Which I'm doing for a number of reasons but one of them is there's a lot of it in the news right now.
So now what we want to talk about today is healthcare costs which is a key part of this whole thing.
I mean one of the things that motivated the government to attempt the Obamacare reforms was that
healthcare costs were just rising unsustainably and so something had to be done.
Now I don't think that's a problem unique to the United States because everything I've seen
says that the factors that we're driving costs in the United States are to some degree
operative in any other country.
They're just a question of fundamentally how the economics of healthcare works.
Every country faces increase in healthcare costs.
The differences are in degree and in how each country responds to those cost pressures.
Now the first place to look for cost pressures is what is known in economics as
bowel and bowens cost disease although frequently bowen gets dropped out and they just call it
bowel loss cost disease.
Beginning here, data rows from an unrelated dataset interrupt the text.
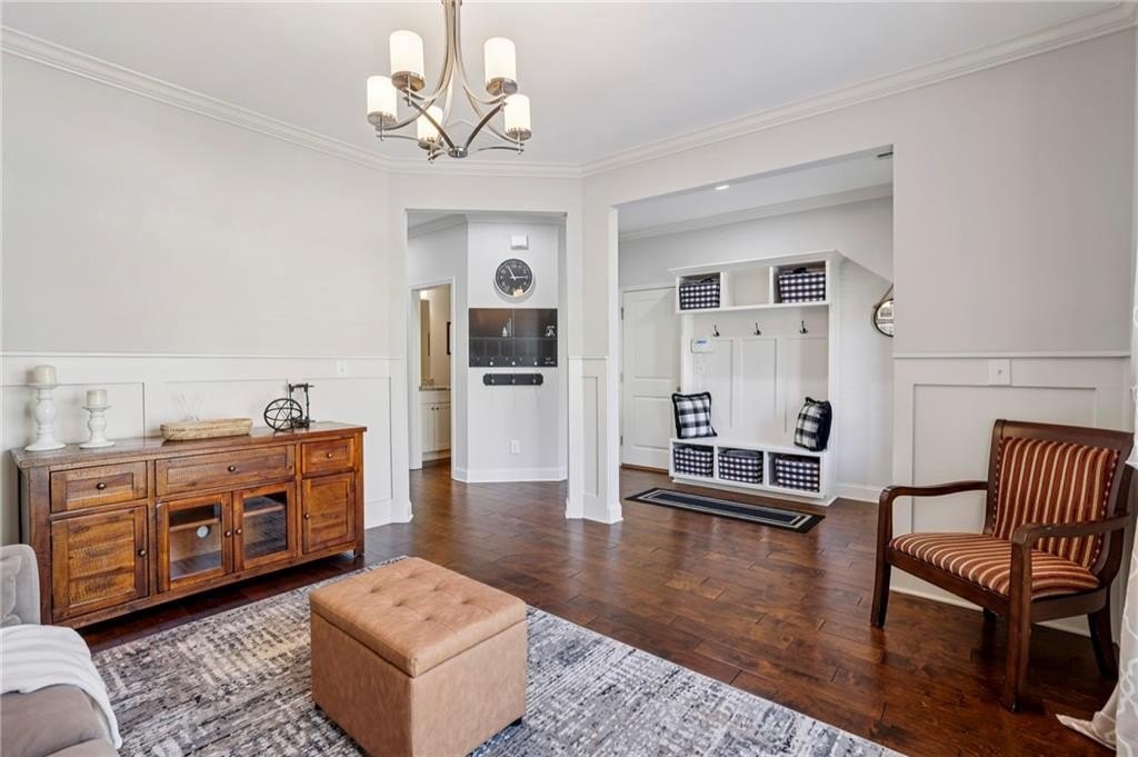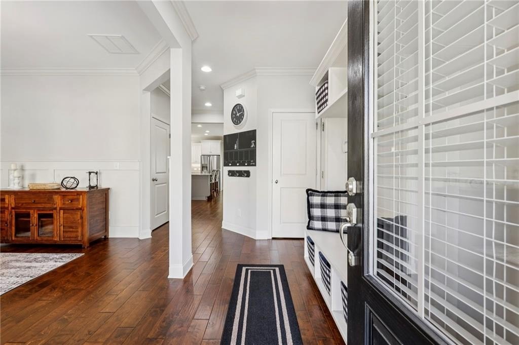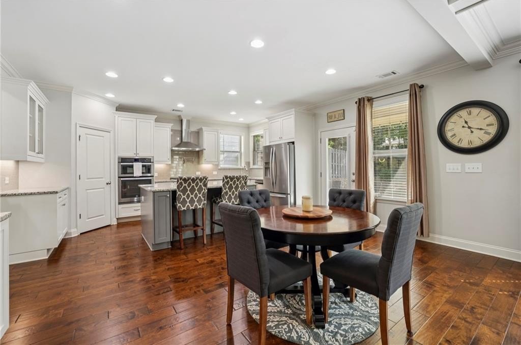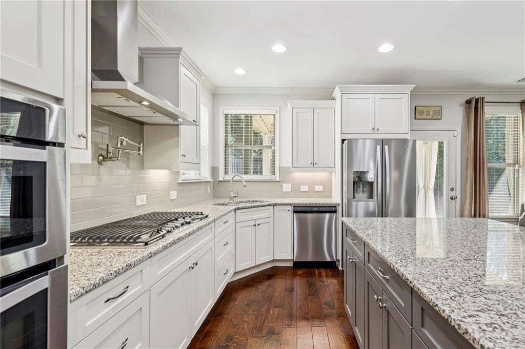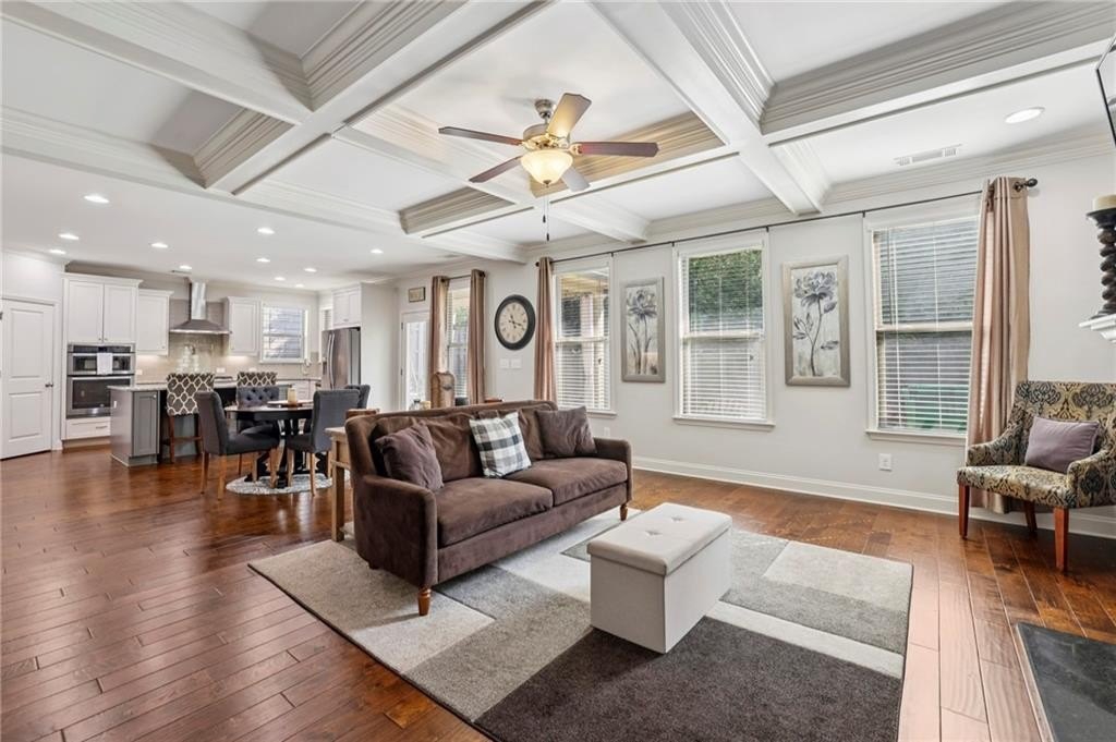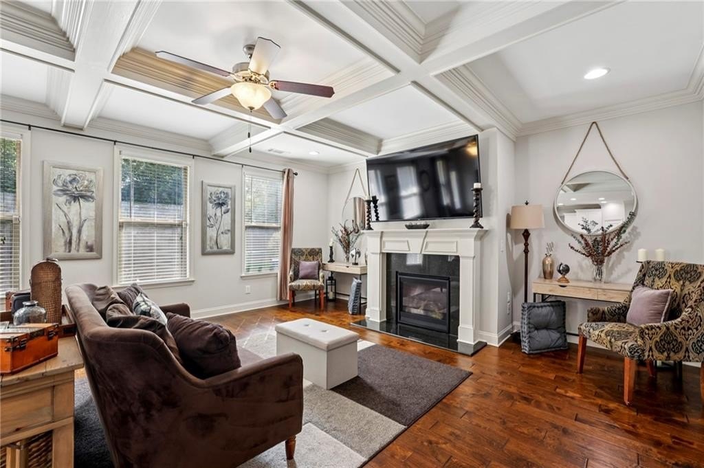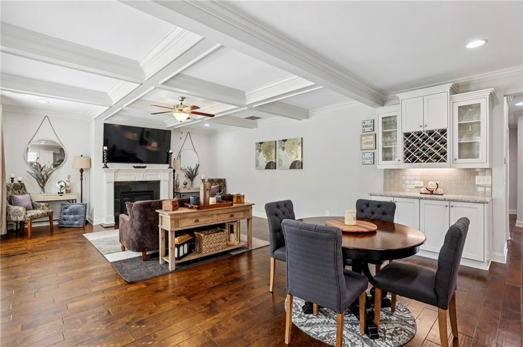 The kitchen checks every box for cooks and guests with a large island, white cabinetry, granite countertops, stainless appliances, a breakfast bar a walk-in pantry and a clear view to the family room. A separate dining room with a butler's pantry adds the right touch for holidays and dinner parties. A mud room keeps life organized on the way in from the two-car garage. The family room is rich with details like coffered ceilings and a fireplace while maintaining clean open lines for a modern look.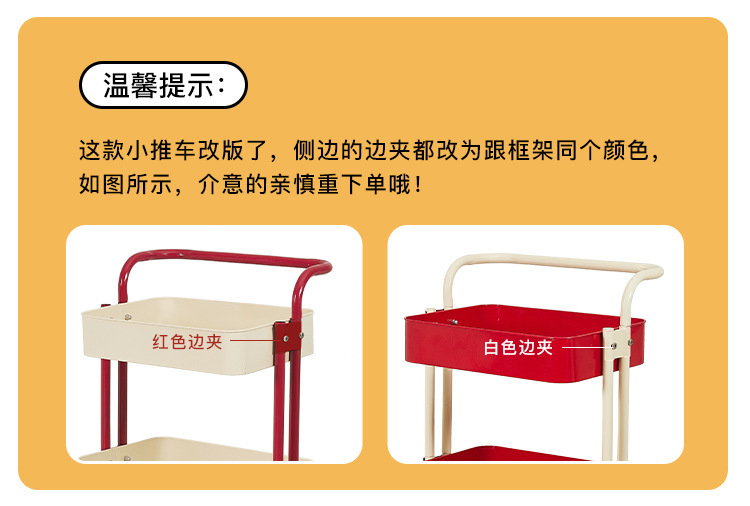 • 3 층 카본 스틸 베이지 바스켓 + 레드 폴 트롤리
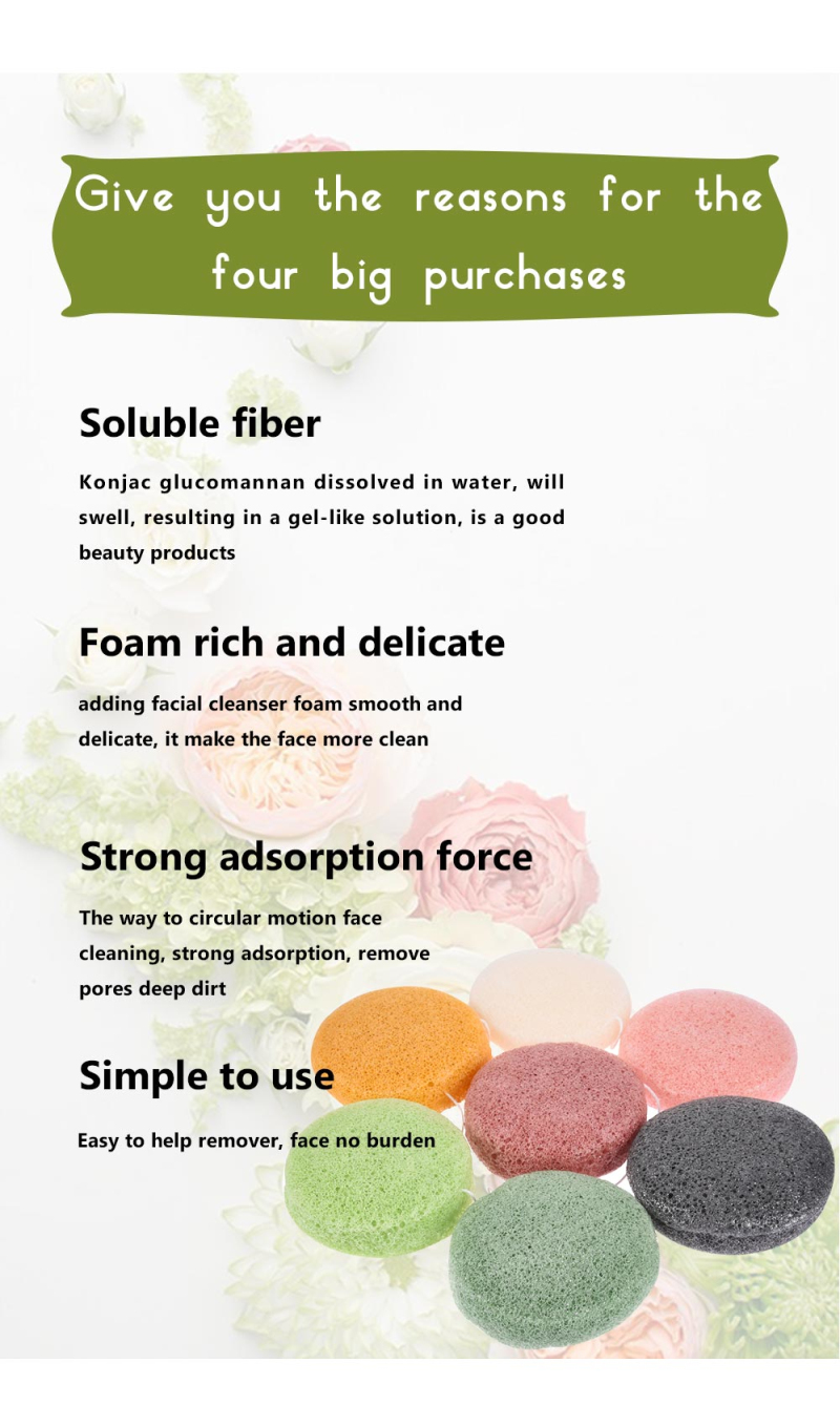 Konjac face washing is made from the konjac rhizome (natural plant fiber), extracted from Konjac essence. Its texture is mild and natural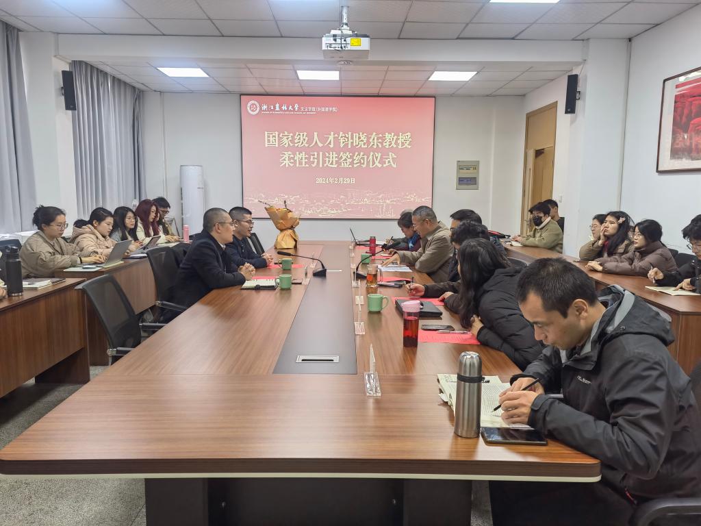 2月29日上午,文法学院与国家级人才钭晓东教授举行柔性引进签约仪式。人才办主任孙伟圣,文法学院院长鲁可荣及师生代表参加签约仪式。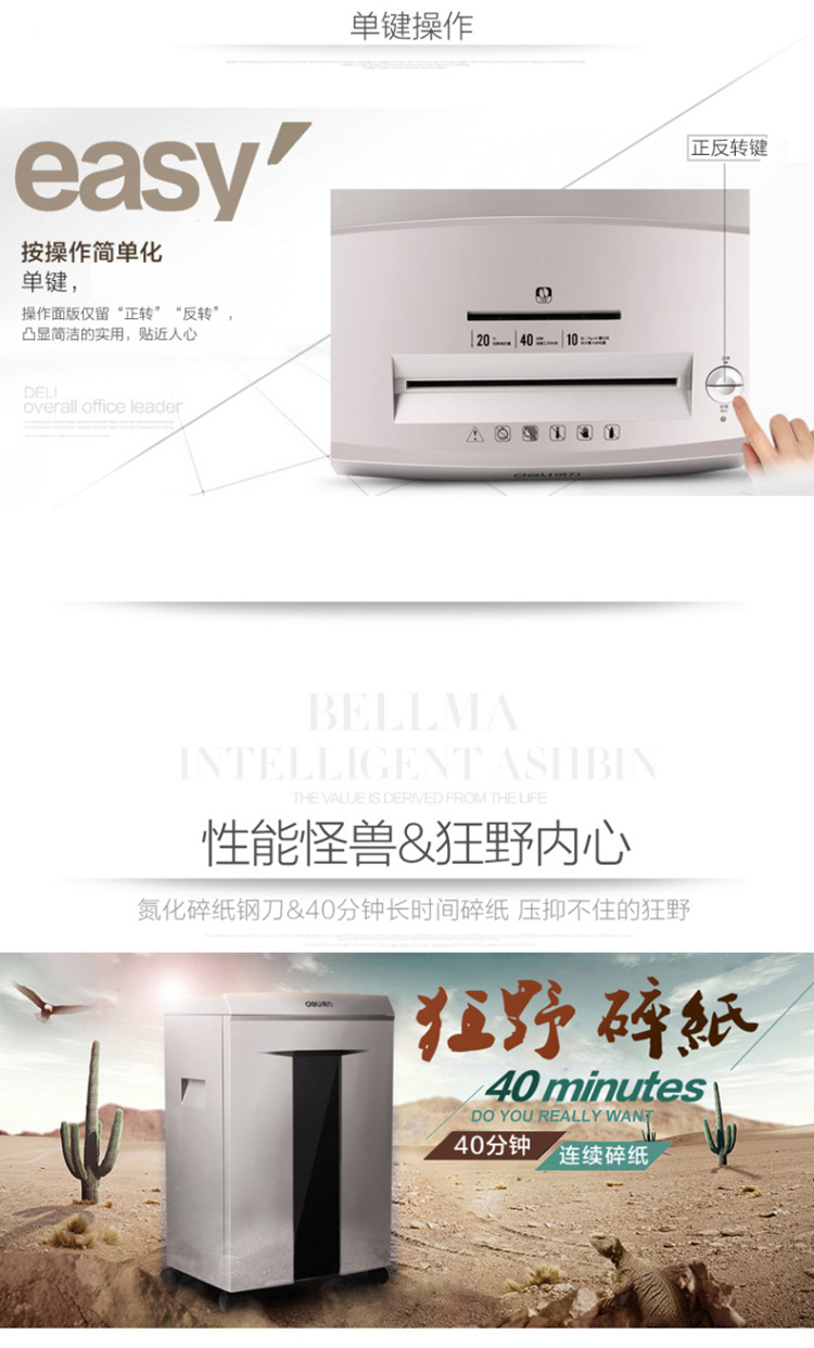 商品名称:得力9905碎纸机(金属灰)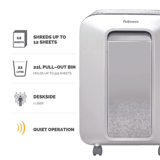 Fellowes LX Series Paper Shredder LX221 20 Sheet Micro Cut Shredder with 30 Litre Pull Out Bin Superior Security P5 White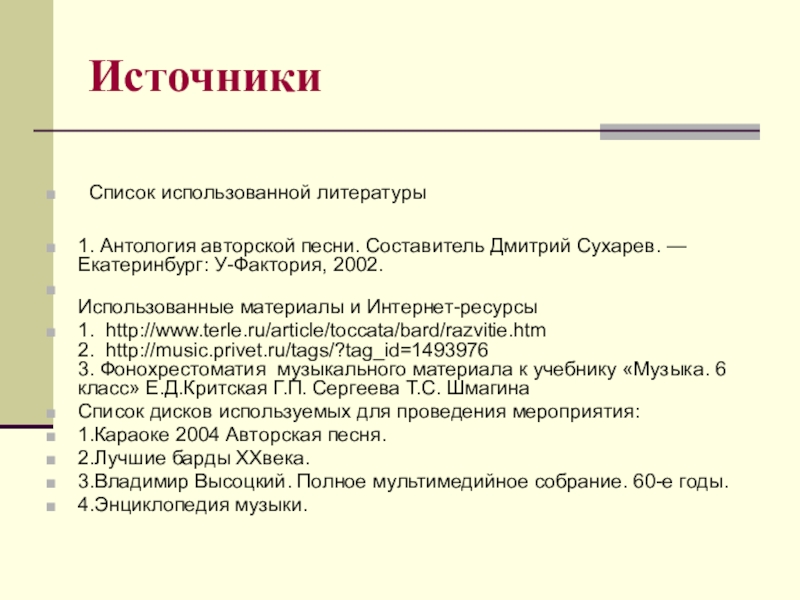1. Антология авторской песни. Составитель Дмитрий Сухарев. — Екатеринбург: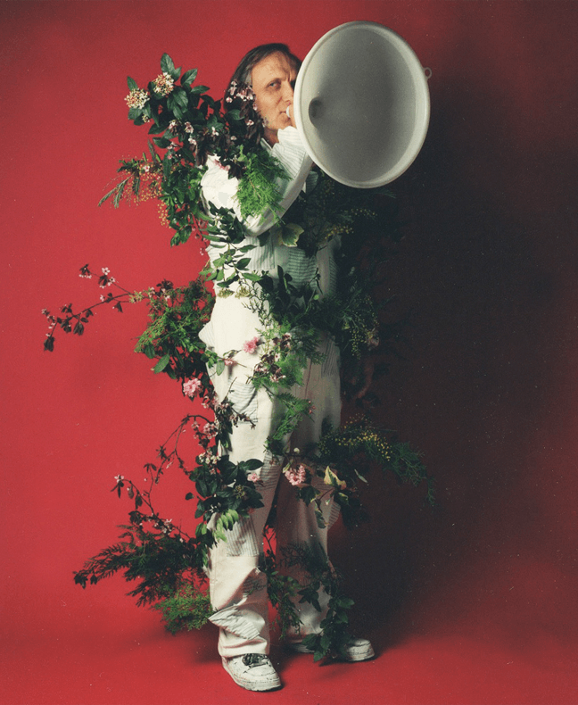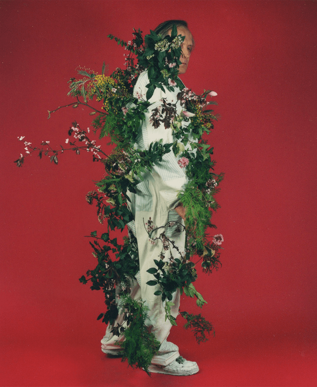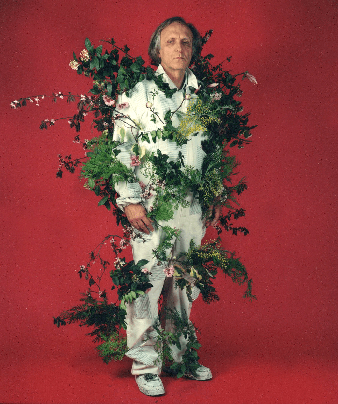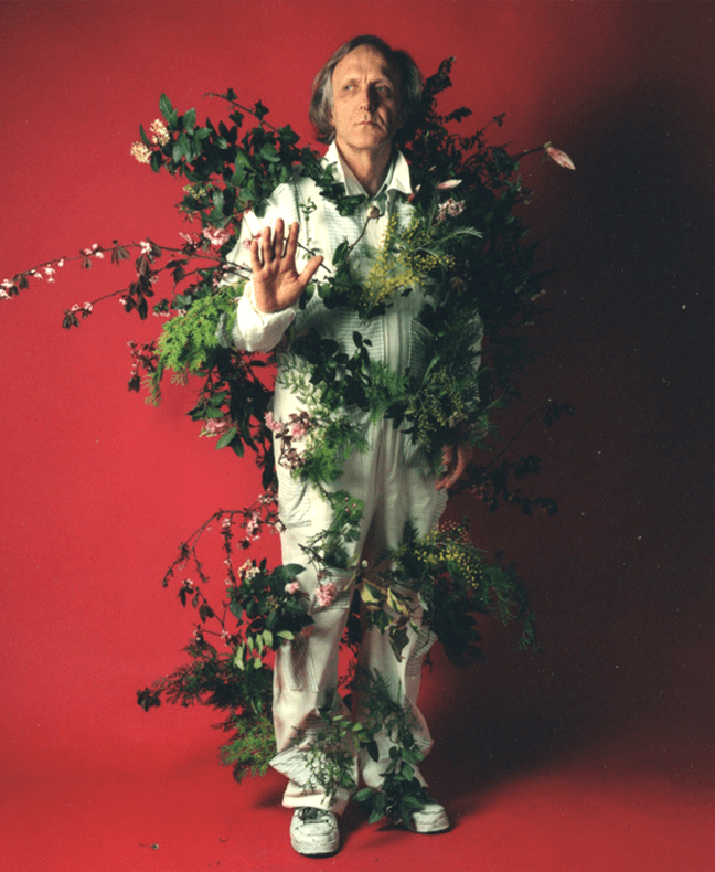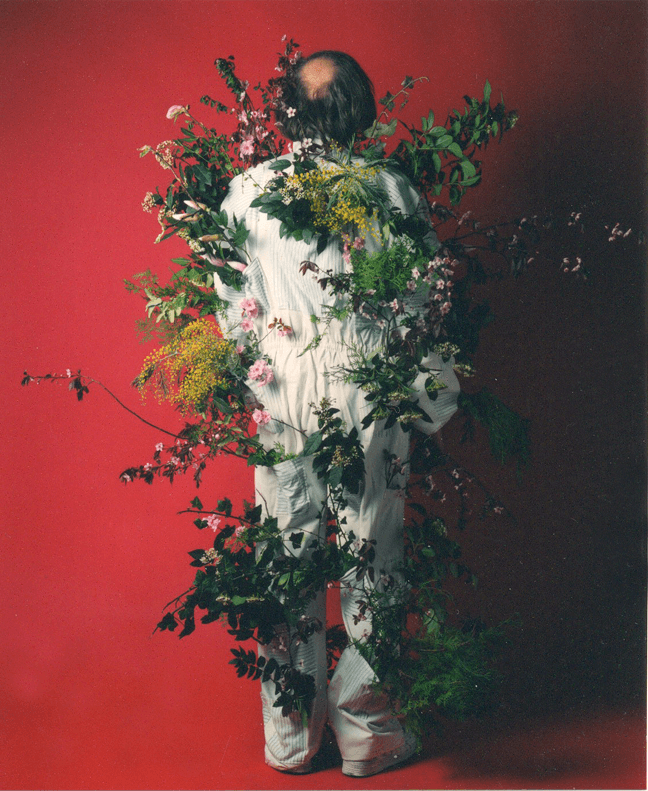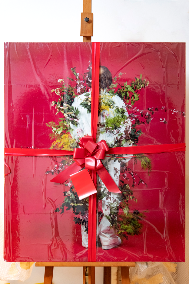 L’immagine di un uomo – albero fotografata, una gigantografia impacchettata in formato regalo, con l’inevitabile fiocco rosso.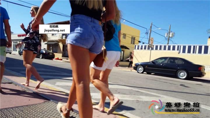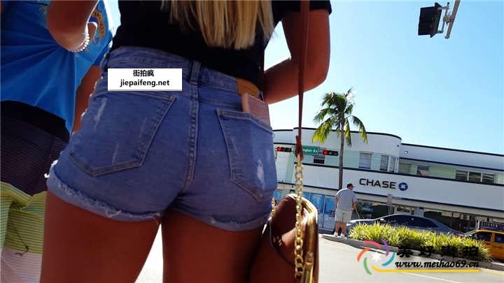 街拍漂亮金发美女蓝色牛仔热裤极品翘臀[MP4/113M]

He's the more famous of the two.
And I've got a link in the show notes to Wikipedia page. You can get more detail on this.
But this insight comes from understanding why some costs tend to fall over time and other
is don't and why is that. So let's take something that I think a lot of people in
hacker public radio are familiar with. Moore's law in the computer industry.
Continual decreases in the price of semiconductors even as performance increases.
This is marvelous but what does the underlying cause?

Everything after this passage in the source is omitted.